The Government need to take action in the Bill to address that failure, rather than make it worse. I hope that the Secretary of State is listening to this very important debate, even if she is not able to attend the Chamber.
A new report by LaingBuisson for the Department for Education, which was published only last Friday, considered the options of outsourcing and developing markets in children’s social services. That is privatisation by another name. Quite simply, it would be not just the wrong solution, but no solution at all.
Following the excellent work of my noble Friends and others in the other place, the clauses that would have allowed local authorities to derogate from their existing legal obligations are no longer in the Bill. However, given the seriousness of the proposals and the timing of that report, I must ask the Secretary of State’s Department to think again and guarantee to this House that the Government will not seek to use the Bill as a vehicle to privatise children’s social services.

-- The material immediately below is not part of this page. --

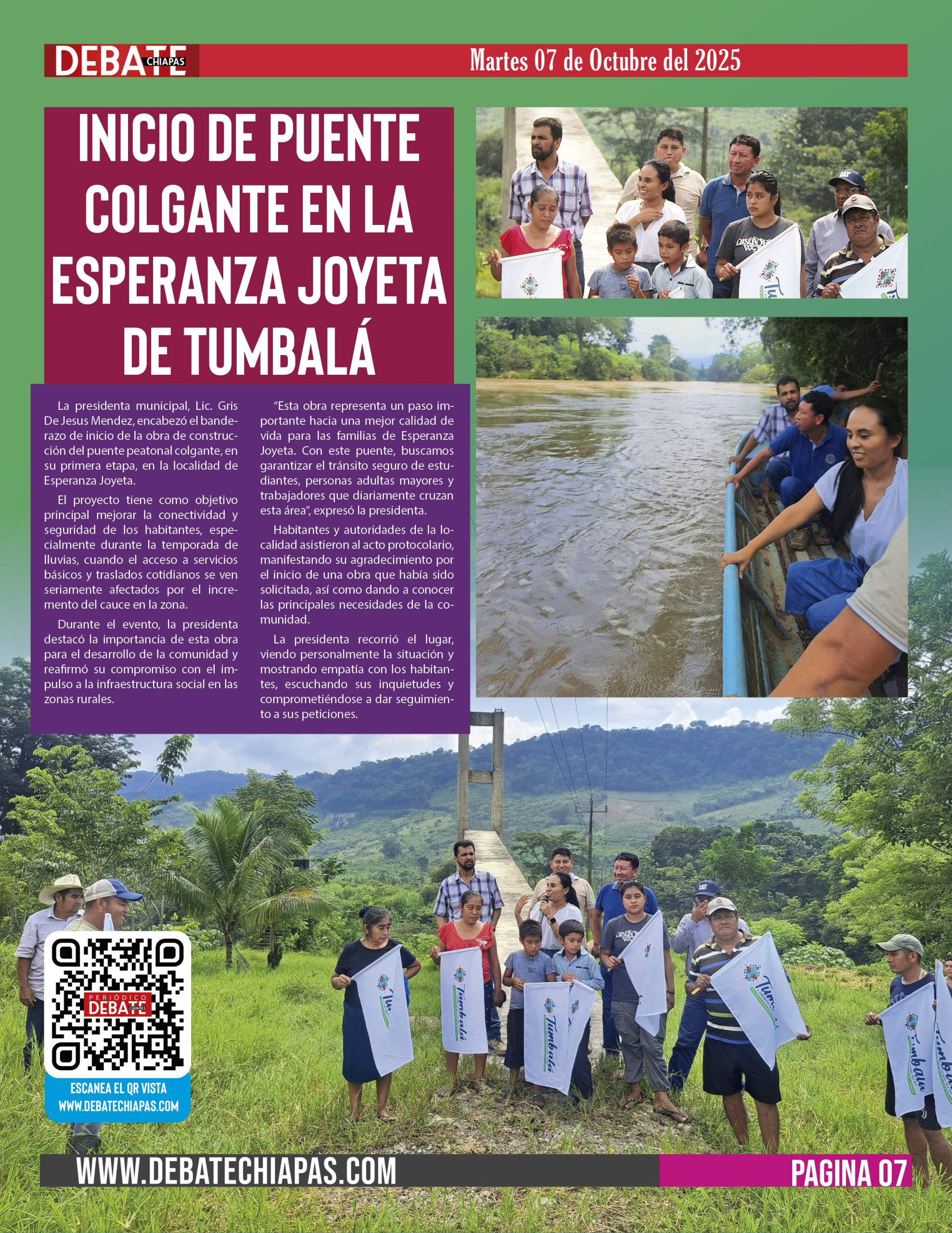 La presidenta municipal, Lic. Gris De Jesus Mendez, encabezó el banderazo de inicio de la obra de construcción del puente peatonal colgante, en su primera etapa, en la localidad de Esperanza Joyeta.

I hope the Minister can give us that assurance later, because there is a good deal to welcome in the Bill. From the principles of corporate parenting to the local offer for care leavers, there are steps towards helping young people in care and leaving care that we welcome. I do not want to have to divide the House in later stages and the Opposition would like to make progress collectively.
This issue is vital to the collective good of our nations. The services that are provided and the great work that is done on the ground by many public sector workers should be applauded, as they change lives every single day. I must declare an interest as my niece is one such worker. Our aim collectively within the Bill should be to enhance and enable that important work. Privatisation and fragmentation are not the answer. Our overall concern is less with what is in the Bill than with what is not in it. In short, the Bill lacks the ambition to have the meaningful impact on the lives of vulnerable young people that is needed.

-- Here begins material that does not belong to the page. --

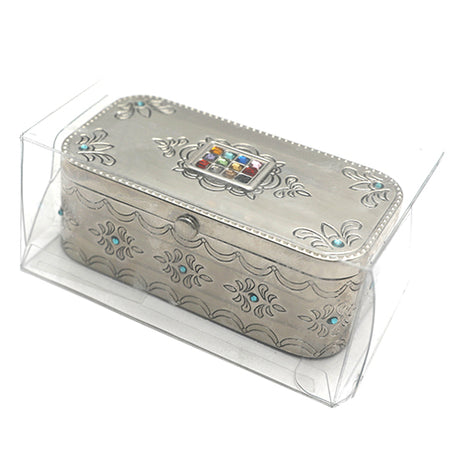 Nickel Travel Size Candlesticks In A Box With Cover Inlaid With Light Blue Stones 4x9 Cm- "filigree"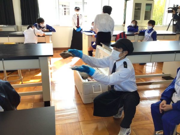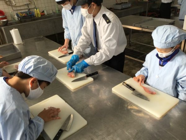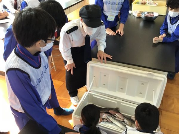 最初に、今日の調理に使う食材の説明を聞きます。実はこの食材、市場に出回らない魚類や穀類などを使用しています。調理にいろいろな工夫をするのがプロジェクトです!

If we are to make significant progress, we have to improve child mental health services. The Bill focuses on adoption, which is hardly a surprise—in the past several years, the Government have taken several steps to make it easier to adopt, such as the Education and Adoption Act 2016 —and we welcome measures that support adoption, but surely the Minister is aware that only one in every 20 children in care goes on to be adopted, so can he explain to the House why the Bill, much like the last one, focuses exclusively on adoption and does not contain provision for other forms of care? Would this not have been an opportunity to come forward with a comprehensive strategy for children in all forms of care? Will he indicate whether we might anticipate further legislation or whether he thinks that no changes are needed?
Similarly, we welcome the principles of corporate parenting, but there are questions about why the Bill does not go further. I am sure the Minister agrees that children in care will often have complex needs that require a joined-up approach across public services in order to get the best possible outcomes, so will he explain why there is no provision in the Bill to facilitate ways for public services, such as health and education, to play a key role in ensuring good corporate parenting? These public services play a key role in ensuring the best outcomes for children in care, yet there is no apparent involvement for them in the corporate parenting principles.
The principle of the local offer is welcome, and we supported it when it was introduced for children with special educational needs and disabilities in the Children and Families Act 2014, but we have since seen failings in practice, with the quality of local offers varying wildly between local authorities, no minimum guarantees of quality, no statutory guidance and no certainty that the local offer will be available to all those who need it. When there are no minimum guarantees of quality, we know which areas will lose out. Overwhelmingly, it will be areas already facing disadvantage that will not get the support they need.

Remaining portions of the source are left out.